QUICK REFERENCE PLANTING GUIDE
1. Light/Sun Exposure - Full to partial sun.
2. USDA Hardiness Zones - Zones 7 to 10.
3. Planting Distance - 6 to 12 inches apart in ground.
4. Mature Height/Spread - 10 to 18 inches with a 12 inch spread.
5. Bloom Time - Late spring to early summer.
6. Planting Instructions - Dig a hole at least twice the size of the pot in which your plants are growing. Partially backfill the hole, remove your plant from its pot, and carefully position the root ball in the hole. The top of the root ball should be level with the soil surface. Refill the hole with soil, firming the soil around the plant with your fingers. Check to be sure that the plant is not planted too deep. If it is, raise the plant gently and re-firm the soil. Water thoroughly.
GET THE MOST ENJOYMENT
Fescue 'Elijah's Blue' - Is the bluest of all the blue fescues and is a superb low-growing grass that makes an interesting companion for contrast in a bed or border. 'Elijah's Blue' Fescue is clump forming & will tolerate intense heat and drought. It produces flower spikes that stand one foot above the foliage. It does prefer loose, well-draining soil and even thrives in cool, coastal areas. 'Elijah's Blue' is considered to be deer resistant
These plants will do well in average soil of all types. For optimum results you can improve your planting success as follows:
1. Spade or roto-till the soil to a depth of 12-18".

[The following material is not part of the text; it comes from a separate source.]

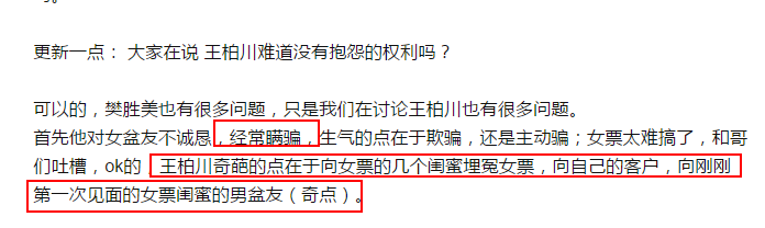 这时候,王柏川最大的缺点显露出来了:向身边所有人吐槽女朋友↓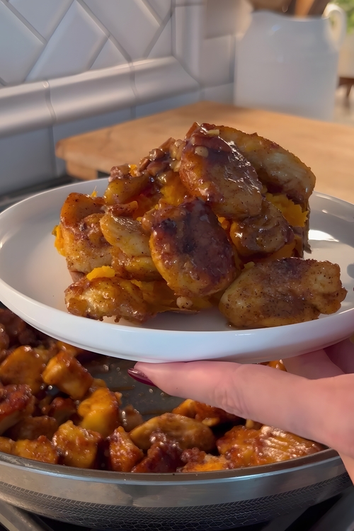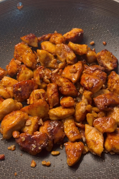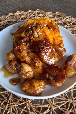 • Once the chicken is fully coated in the praline glaze, transfer it to a serving platter. Serve immediately while hot, alongside roasted sweet potatoes, steamed vegetables, or a fresh green salad. Enjoy the perfect blend of sweet, spicy, and crispy flavors that make this dish truly unforgettable.

2. It is always good to add organic matter to your soil. You can mix in a 2-4" layer of dehydrated manure, garden compost, shredded leaves, and/or peat moss.
3. After active growth begins, periodically feed with Cottage Farms' water soluble Carefree Bud-N-Flower Booster. Plants in containers especially need more frequent watering and feeding, especially when in active growth, bloom, or while setting fruit.
Water - Your plants require at least 1" of rainfall (or equivalent watering) each week. When rainfall is minimal be sure to water your plants well at least once a week and more frequently during drought or extremely hot weather.
DO NOT LET PLANTS IN POTS DRY OUT - especially if they are in an unsheltered spot or not directly planted in the open garden. Your plant requires at least 1" of rainfall (or equivalent watering) each week when in the ground. In a container that is exposed to full sun you will have to water well at least once every other day, possibly every day during periods of intense summer heat. The best way to thwart this is to temporarily move the container where it is shielded during these times (i.e., in the shade of a tree, on a porch, near an overhang). It will still perform well in such situations.
Mulching - Apply a 2-4" layer of shredded bark, compost or other organic mulch around your plants to promote moisture retention, to maintain even soil temperatures, and to discourage weed growth.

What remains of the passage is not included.